This is a big surprise, for everyone I think!!
I have about an hour before I need to leave the house, so I thought I'd write something here, since the day is foggy and so damp, dark, and goth. (lol).
I have many things I want to write, and nothing, at the same time.
I woke up today trying to suppress a panic attack.
I feel like drowning again, in my own life.
I kinda feel angry and desperate. I feel cheated from life.
For the past 9 months I have been working as a housekeeper/cleaner, for a family here in London.
They are really good people, and I enjoy working there, as much as anyone can enjoy cleaning someone else's toilet. Yeah.
Yesterday I started working for another member of that family, that lives nearby, because they needed a cleaner too. As we were talking casually, before I started working, they told me that they were stressed to be on time before I arrived at their house at noon, because they were out doing chores, but another member of the family told them there is not need to be stressed to come back in time, since I'm never on time anyway.
Ah.
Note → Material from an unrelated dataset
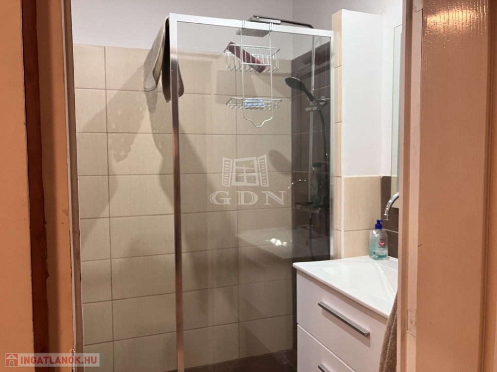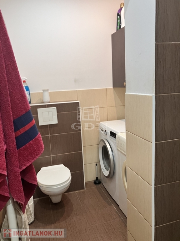 A fürdőszoba modern kialakítású, zuhanykabinnal, külön WC-vel, mosógép elhelyezési lehetőséggel.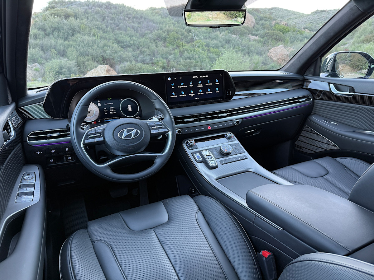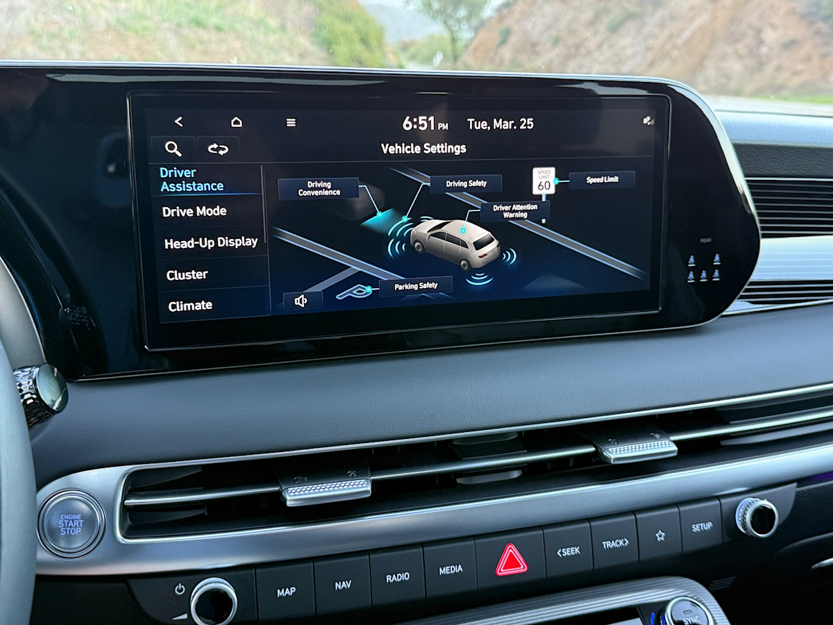 The technology in the Palisade is starting to look dated, but only if you’re familiar with the widescreen approach the company takes in its most recently introduced and redesigned models. Those cars, trucks, and SUVs have a single rectangular display housing the digital instrumentation and the infotainment system. In the Palisade, they’re separate, and the gauge screen is recessed instead of flush with the infotainment screen.

That kinda struck me as terribly rude. But I didn't say anything other that I wanted to give them time today to come back without having to worry if I was kept waiting, so that's why I arrived at 12:20, instead of 12. They didn't say it to offend me, it was quite clear that it slipped out and was meant to be a nasty comment.
But it did hurt me. In the 9 months that I've been working for them, I have never caused them any troubles with being or not being on time. Usually when I'm there working, they are not even at home. And I leave before they get back. I'm never in the way, and I haven't had any complaints. At the end of the day, the person that made that comment, is never at home when I'm there working anyway, SO WTF??!?!?!?
9 months of scrubbing their toilet, and folding their underwear and doing their laundry, and washing their dirty dishes, working when they are not at home so I'm not in the way, and this is the thanks I get.
Yeah, I speak 3 languages, I have 2 degrees, etc etc etc, and I can't get a job in my field, and I have to be a cleaner because that's all I got right now, that and Jobseeker's Allowance, (oh the excitement), and that is the thanks I get.
Well thank you Life.
No, really, thanks.
For bringing me to a foreign country, for letting me spend years and years, and so much money and stress, to study to become something better, to have a better future, and instead clean toilets, and have these awesome comments told behind my back. For 8 pounds per hour.
Guess what, I woke up panicking, because I have an appointment at Job Center in the afternoon. To be treated once again like the scum of the earth, by the employees there. Anyone living in the UK knows what I'm talking about.
If that is not sad, I don't know what is.
So my 100th post is angry and sad and desperate. Because that's how my life is right now.
I feel like no matter what I do, I'm just stuck. I can't progress, and my "career" is a distant blurry dream.